Release Info: 2001 - Extremities - Full Length 
Band Info: USA - 1994 - Death Metal
Bewertung: 6


Songs:

1. Bleeding Profusely
2. Morbid Overgrowth
3. Stripped To The Bone
4. Fucking The Viscara
5. Voracious
6. The Essence Of Putrascence
7. Post Coital Truncation
8. Severed Ecstasy
9. Lesbian Stool Orgy
10. Fisticunt
11. Disembodied

Aus der Sicht eines Death-Metal-Fans ist Gorgasms „Bleeding Profusely“ ein weiteres Album, das sich im Death-Metal-Genre eher an anderen orientiert. Das Material ist weder innovativ noch besonders eingängig oder herausragend … aber man kann es trotzdem irgendwie mögen. Eintönigkeit ist bei den meisten Death-Metal-Fans nicht unbedingt verpönt – andererseits ist es harte Arbeit, als Death-Metal-Band herauszustechen, wenn Millionen mittelmäßiger Bands das Gleiche auf einem niedrigeren Niveau machen und es irgendwie schaffen, den Markt zu überschwemmen. Also, das ist wieder so eine dieser Bands, die sich im Mainstream wiederfinden … so gut kann es ja nicht sein. Oft würde man das annehmen, aber hier sehe ich das anders.

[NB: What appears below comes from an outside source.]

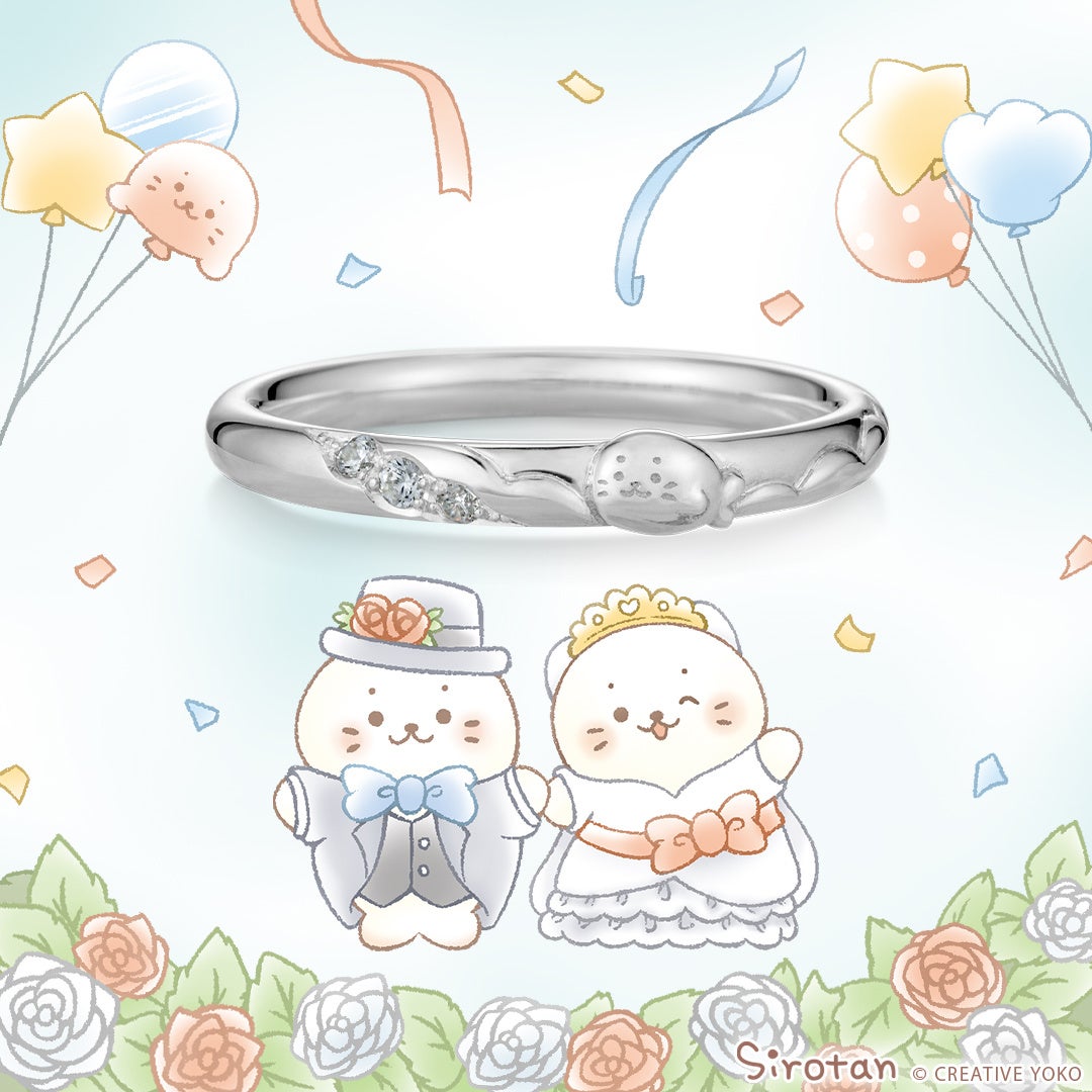 【しろたん】ブライダルリング。ふわふわエンゲージリング&マリッジリング。しろたんの表情が両面で楽しめる婚約指輪。結婚指輪はワンポイントにしろたんをあしらった2デザイン。8月22日(火)発売

Ohne jegliche Subtilität und mit kurzen, prägnanten Songs (23 Minuten lassen sofort erkennen, dass es sich hier nicht um ein langatmiges Epos handelt) kommen Gorgasm direkt zur Sache – gnadenlose Brutalität. Gorgasm machen Musik, ohne mit eingängigen Rhythmen zu locken und zu erwarten, dass die Hörer sofort darauf anspringen. Und tatsächlich funktioniert es. Klar, wir wissen alle, dass Death Metal aus Thrash entstanden ist, und dieses Album beweist es eindrucksvoll, auch wenn Thrash-Riffs im Allgemeinen harmloser sind als alles, was man im Death Metal findet. Hier kommt purer, beschleunigter Death Metal daher, mit einer Ladung wuchtiger Blastbeats und rasantem Gitarrenspiel, das einen fast bereuen lässt, sich das überhaupt angehört zu haben. Die zwar komplexen, aber dennoch effektiven Gitarrenriffs sind die eigentlichen Ohrwürmer des Albums, wie so oft bei Death-Metal-Veröffentlichungen – direkt aufs Ganze gehen, ohne Rücksicht auf die breite Masse.

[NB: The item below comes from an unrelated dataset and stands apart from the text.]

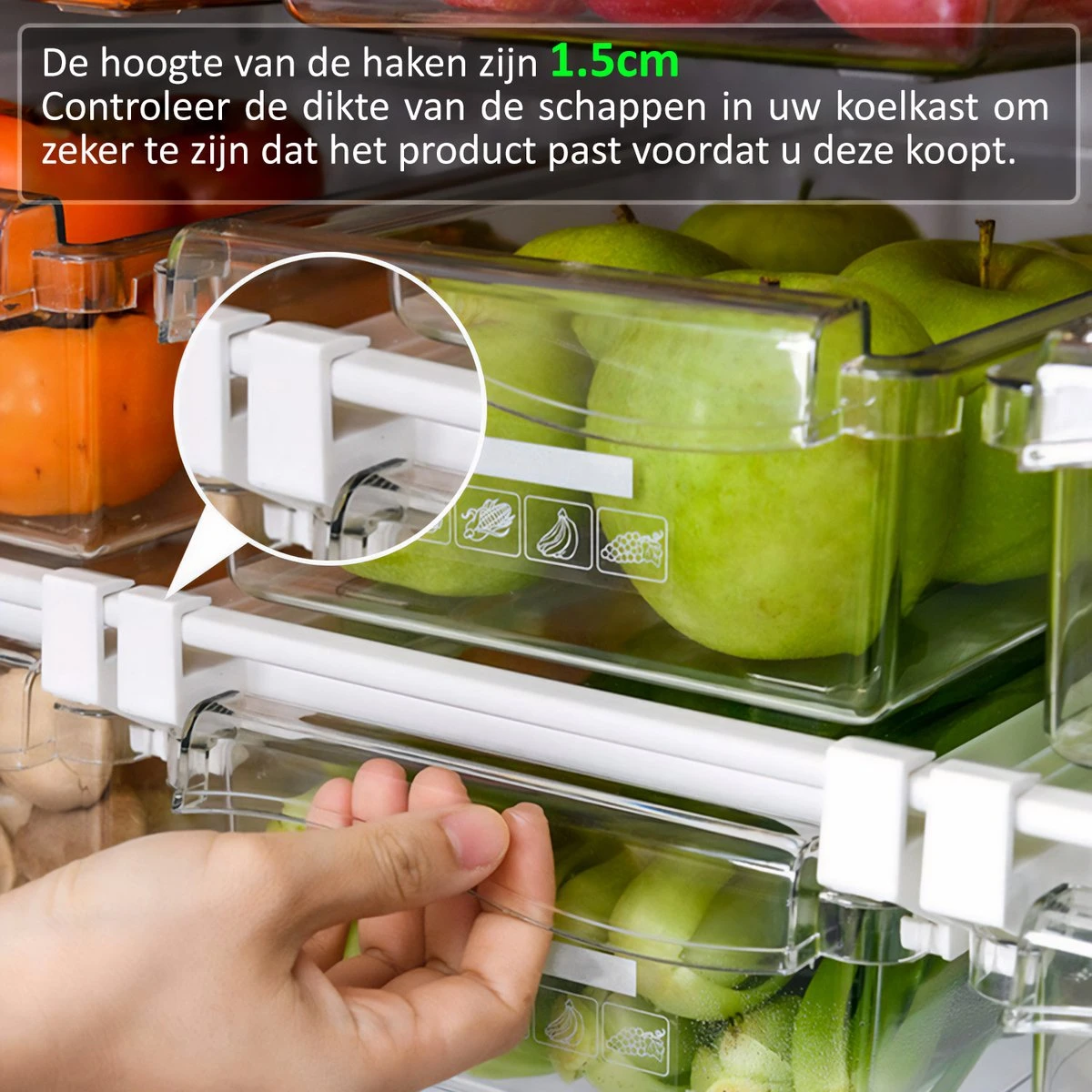 – Geschikt voor diverse producten: Het is perfect voor het organiseren van groenten, vlees, kaas, snacks en andere levensmiddelen in de koelkast.

Obwohl es keineswegs technisch anspruchsvoll ist, lässt sich nicht leugnen, dass einige der Gitarrenriffs verdammt schwierig und mitunter atemberaubend sind. Man könnte es mit Suffocation und Nile vergleichen, nur etwas weniger technisch. Die zuvor genannten Bands sind meist deutlich schwerer zu verstehen, während dieses Album sehr direkt und unverblümt bleibt, mit einem regelrechten Trommelfeuer aus Riffs. Die Melodien sind subtiler als die vorherrschende Brutalität; sie tauchen aus den Schatten der Nacht auf und schneiden den Ungläubigen die Kehle durch. Oh ja, das ist brutal! Für ein Debütalbum ist der Mix ruhiger als erwartet, behält aber den rauen Charme der druckvollen Produktion bei. Bei Gorgasm herrscht Krieg, immer und überall. Frieden wird schließlich überbewertet. Gewalttätige Texte, jede Menge brutale Riffs, wuchtige Drums… ihr wisst schon. (METAL ARCHIVES)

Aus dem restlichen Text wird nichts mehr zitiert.